━━━ Record excerpts

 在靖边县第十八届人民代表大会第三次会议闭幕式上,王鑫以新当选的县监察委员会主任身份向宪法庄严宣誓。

━━━━━━
━━━ Record excerpts

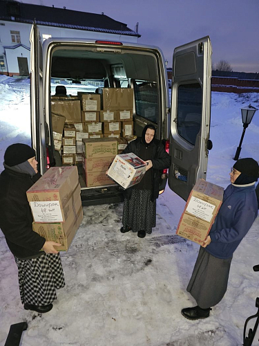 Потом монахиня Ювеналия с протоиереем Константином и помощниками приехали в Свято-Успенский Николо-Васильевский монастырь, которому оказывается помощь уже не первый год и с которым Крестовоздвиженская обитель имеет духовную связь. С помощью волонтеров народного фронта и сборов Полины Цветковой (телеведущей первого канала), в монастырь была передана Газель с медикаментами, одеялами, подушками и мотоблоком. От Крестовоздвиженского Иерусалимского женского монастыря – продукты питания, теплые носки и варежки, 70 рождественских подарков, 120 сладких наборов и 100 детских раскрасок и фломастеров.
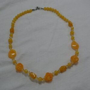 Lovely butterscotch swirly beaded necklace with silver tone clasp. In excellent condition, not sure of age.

━━━━━━

◆ **What needs to be done**
Produce an exact reproduction of the listing above, limited to the lines starting at the line with "Потом монахиня Ювеналия" and ending at the line with "Lovely butterscotch swirly", both kept, with every picture left out.

◆ **Exercise output**
 Потом монахиня Ювеналия с протоиереем Константином и помощниками приехали в Свято-Успенский Николо-Васильевский монастырь, которому оказывается помощь уже не первый год и с которым Крестовоздвиженская обитель имеет духовную связь. С помощью волонтеров народного фронта и сборов Полины Цветковой (телеведущей первого канала), в монастырь была передана Газель с медикаментами, одеялами, подушками и мотоблоком. От Крестовоздвиженского Иерусалимского женского монастыря – продукты питания, теплые носки и варежки, 70 рождественских подарков, 120 сладких наборов и 100 детских раскрасок и фломастеров.
 Lovely butterscotch swirly beaded necklace with silver tone clasp. In excellent condition, not sure of age.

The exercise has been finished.